*** Entries provided Section Begins ***

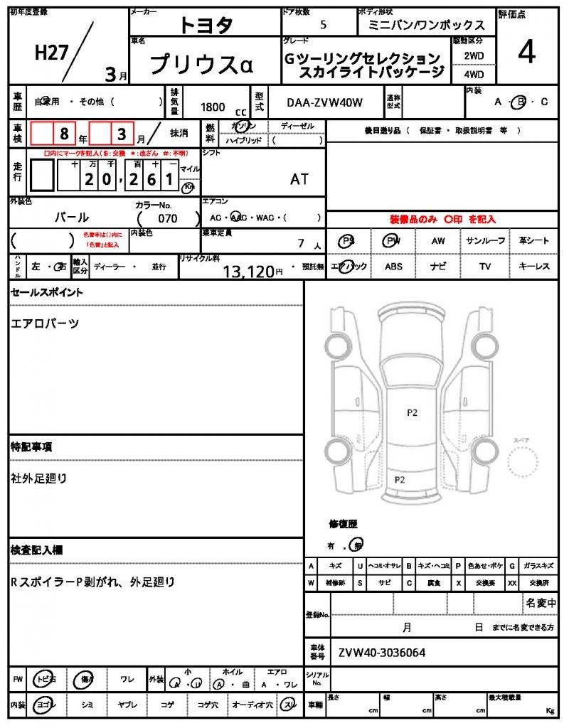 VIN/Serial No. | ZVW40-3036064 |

*** Entries provided Section Ends ***
*** Entries provided Section Begins ***

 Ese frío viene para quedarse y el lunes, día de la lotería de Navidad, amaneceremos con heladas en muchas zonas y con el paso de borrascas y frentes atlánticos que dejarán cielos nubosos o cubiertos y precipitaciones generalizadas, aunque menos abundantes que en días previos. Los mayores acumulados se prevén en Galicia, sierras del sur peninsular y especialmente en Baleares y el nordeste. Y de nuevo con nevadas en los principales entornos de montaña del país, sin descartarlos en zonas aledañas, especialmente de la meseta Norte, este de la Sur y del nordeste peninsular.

*** Entries provided Section Ends ***
*** Entries provided Section Begins ***

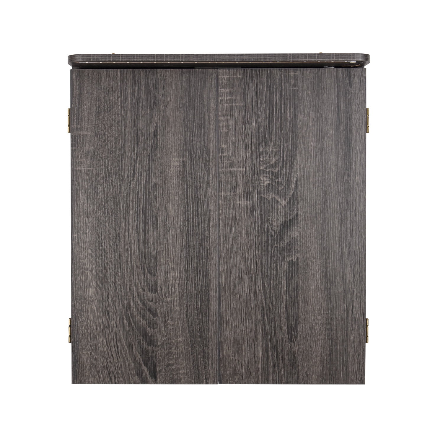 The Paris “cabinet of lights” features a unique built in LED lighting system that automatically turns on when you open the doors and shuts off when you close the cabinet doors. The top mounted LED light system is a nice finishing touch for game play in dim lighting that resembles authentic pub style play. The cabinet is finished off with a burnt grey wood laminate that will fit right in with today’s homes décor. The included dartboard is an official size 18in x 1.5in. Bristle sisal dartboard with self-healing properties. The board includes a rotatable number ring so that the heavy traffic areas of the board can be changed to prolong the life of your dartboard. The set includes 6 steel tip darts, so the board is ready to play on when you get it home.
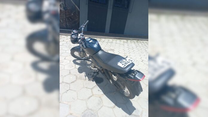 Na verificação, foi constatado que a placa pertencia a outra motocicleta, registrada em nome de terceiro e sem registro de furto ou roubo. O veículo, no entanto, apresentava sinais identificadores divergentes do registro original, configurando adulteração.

*** Entries provided Section Ends ***

Try it:
Set the pictures aside and reproduce exactly the lines above, from the line holding "get it home." through the line holding "Na verificação, foi", both included, with nothing else.

Worked solution:
 The Paris “cabinet of lights” features a unique built in LED lighting system that automatically turns on when you open the doors and shuts off when you close the cabinet doors. The top mounted LED light system is a nice finishing touch for game play in dim lighting that resembles authentic pub style play. The cabinet is finished off with a burnt grey wood laminate that will fit right in with today’s homes décor. The included dartboard is an official size 18in x 1.5in. Bristle sisal dartboard with self-healing properties. The board includes a rotatable number ring so that the heavy traffic areas of the board can be changed to prolong the life of your dartboard. The set includes 6 steel tip darts, so the board is ready to play on when you get it home.
 Na verificação, foi constatado que a placa pertencia a outra motocicleta, registrada em nome de terceiro e sem registro de furto ou roubo. O veículo, no entanto, apresentava sinais identificadores divergentes do registro original, configurando adulteração.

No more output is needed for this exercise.